The success of monetarism and the death of the correlation between monetary growth and inflation

The Velocity of Money

Monetarists blame fluctuations in inflation on excessively volatile growth in monetary aggregates. In 1982, Friedman defined monetarism in an essay on defining monetarism as follows:

Like many other monetarists, I have concluded that the most important thing is to keep monetary policy from doing harm.

We believe that a steady rate of monetary growth would promote economic stability and that a moderate rate of monetary growth would prevent inflation

The U.S. data supported this hypothesis about the volatility of monetary growth and inflationuntil 1982, but since 1983 monetary aggregates have been essentially uncorrelated with subsequent inflation in the U.S.

Levis Kochin pointed out in 1979 that a well designed monetary policy would lead to zero correlation between any measure of monetary policy and subsequent inflation. The reason for this is the correlation between any variable and a constant is zero.

If monetary growth is stable, say, a constant growth rate of 4% per year, as advocated by Milton Friedman, monetary growth will have no correlations with any variable:

Poole (1993, 1994) and Tanner (1993) also argue that one predictable consequence of optimal monetary policy is that the correlation between monetary policy instruments and policy goals will be driven to zero.

Poole further contends that it is obvious to any careful reader of Theil (1964) that optimally variable policy will give rise to a zero correlation between policy and goal variable…

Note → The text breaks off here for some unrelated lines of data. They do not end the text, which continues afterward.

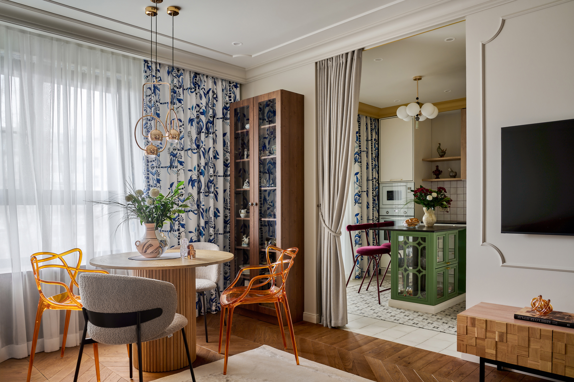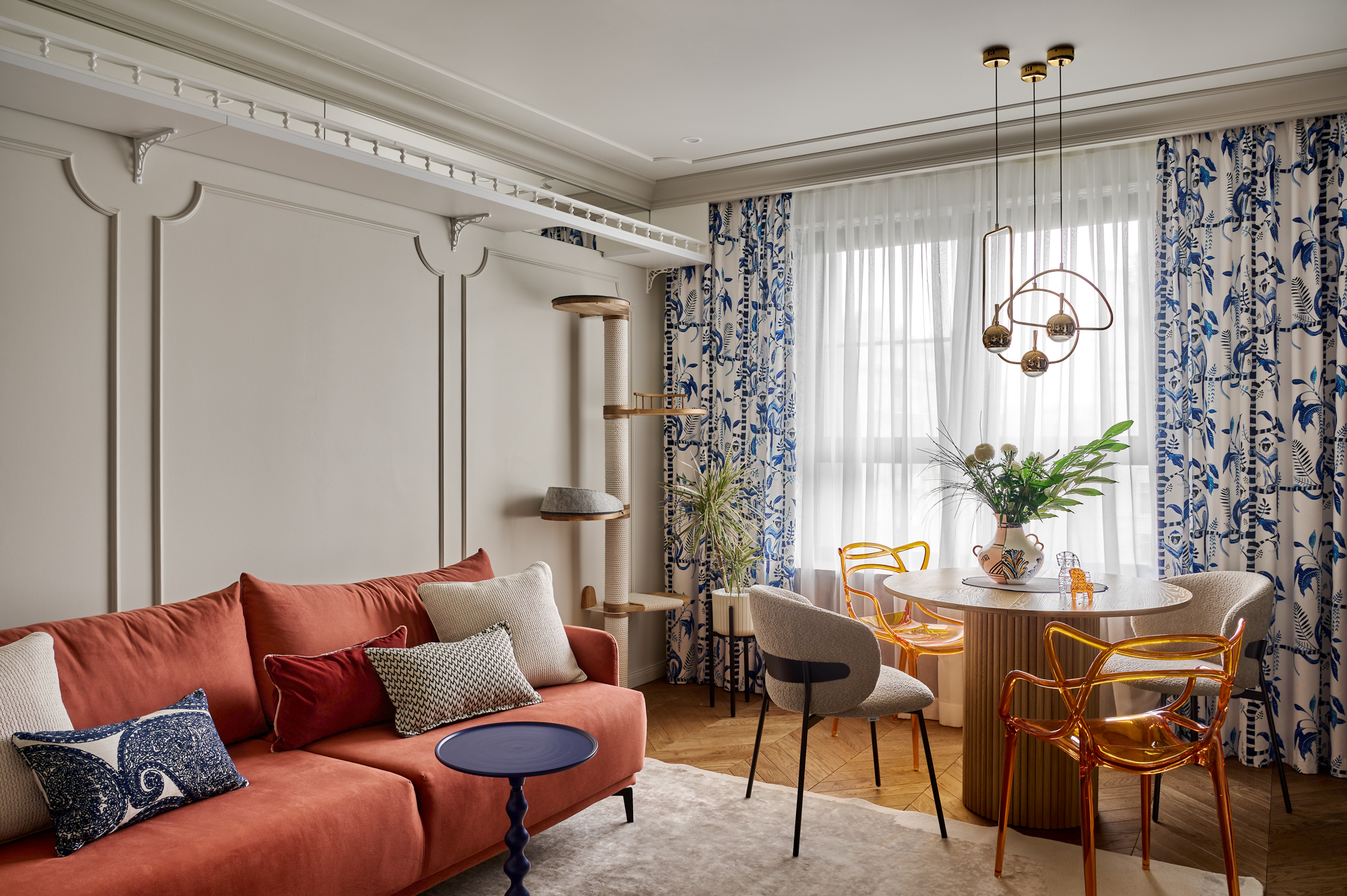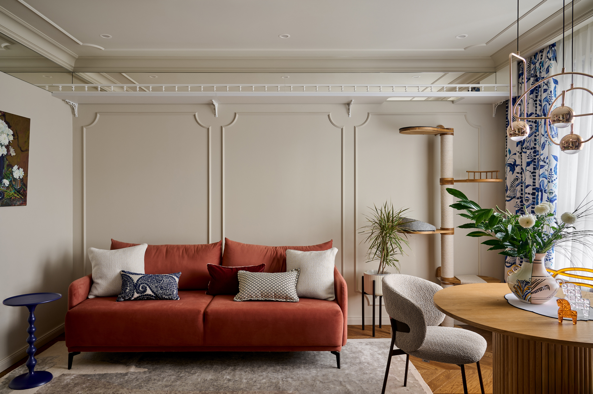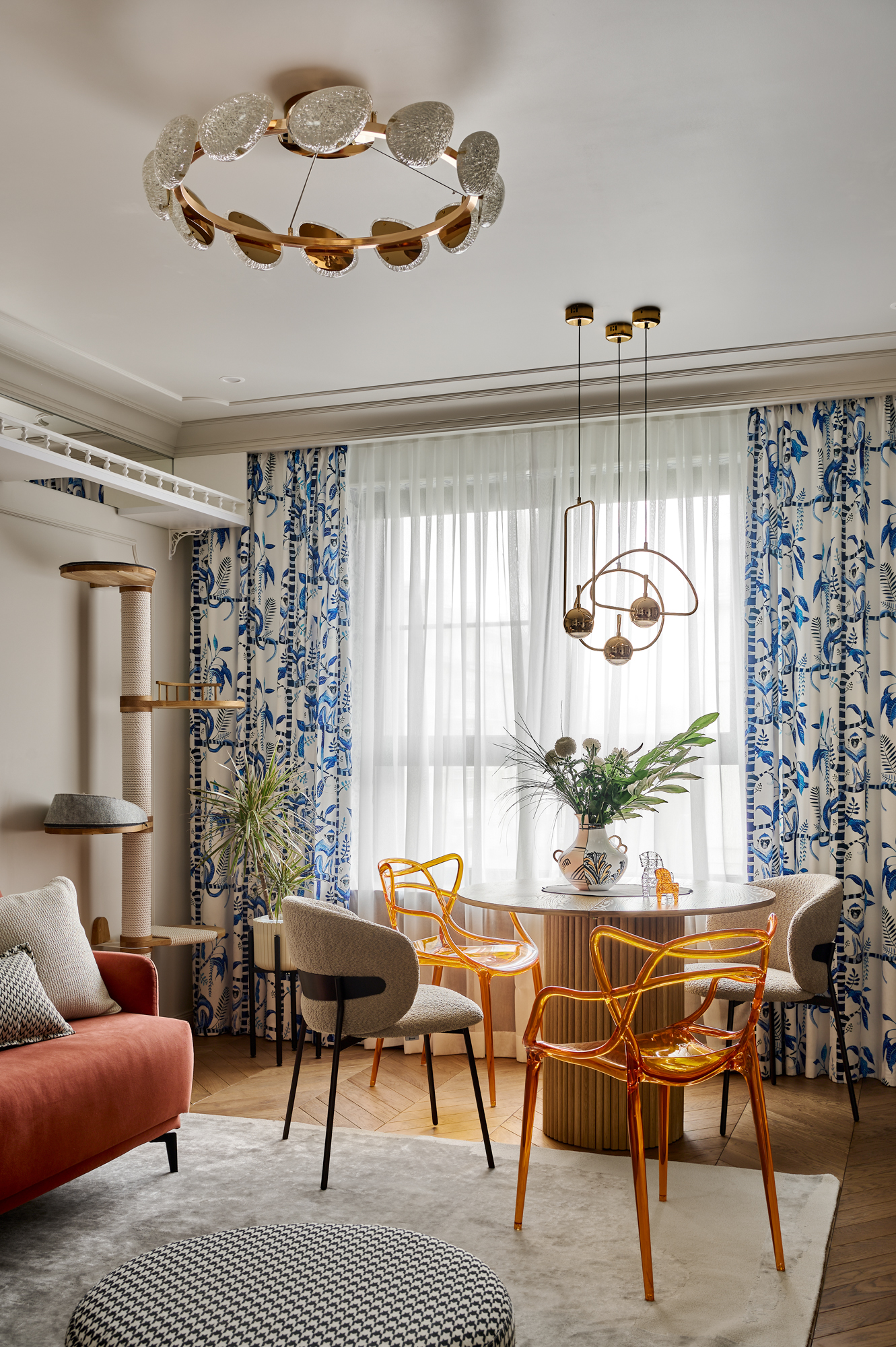 Гостиная будет выполнена, как и вся квартира в эклектичном стиле в светлых пастельных оттенках. Отсылкой к неоклассике здесь являются молдинги и балкончик для кошки маленькими балясинами, они же идут в сочетании с балясинами, примененными на кухне на открытых полках. Тонированное зеркало по периметру стены создаёт иллюзию ломанной стены. В помещении мы видим контрастные сочетания - деревянный стол классических форм применен вместе с эклектичными пластиковыми стульями, строгая форма торшера перекликается с запутанной формой большой люстры, но при всех различиях пространство получается гармоничное за счет использования теплых карамельных оттенков разной тональности. Акцентом в помещении служат шторы и плитка на оконном проеме с анималистическим рисунком.
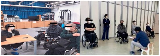 The pilot test was conducted by having the participant use the manual wheelchair equipped with the two-way propulsion system and experience both propulsion methods (Figure 10). Before the test, the participant was given a 3 min practice session to become familiar with the wheelchair and the pulling method. The participant then propelled the wheelchair along a straight 10 m path, completing five round trips for each propulsion method, for a total of ten round trips. The participant independently switched between the two propulsion methods by operating the lever on the two-way propulsion system.
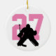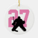 Personalized Custom Girls Hockey Goalie Player Number pink ornament
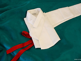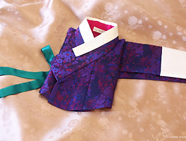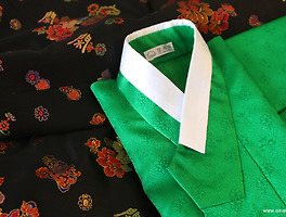 무늬는 다르지만 비슷한 광택과 재질감을 가진 파란색 원단으로 저고리를 만들었습니다.

In 1966 Alan Walters, a U.K. monetarist, observed:

If the [monetary] authority was perfectly successful then we should observe variations in the rate of change of the stock of money but not variations in the rate of change of income… [a]ssuming that the authority’s objective is to stabilize the growth of income.

Milton Friedman in 2003, wrote about how the Fed acquired a good thermostat:

The contrast between the periods before and after the middle of the 1980s is remarkable.

Before, it is like a chart of the temperature in a room without a thermostat in a location with very variable climate; after, it is like the temperature in the same room but with a reasonably good though not perfect thermostat, and one that is set to a gradually declining temperature.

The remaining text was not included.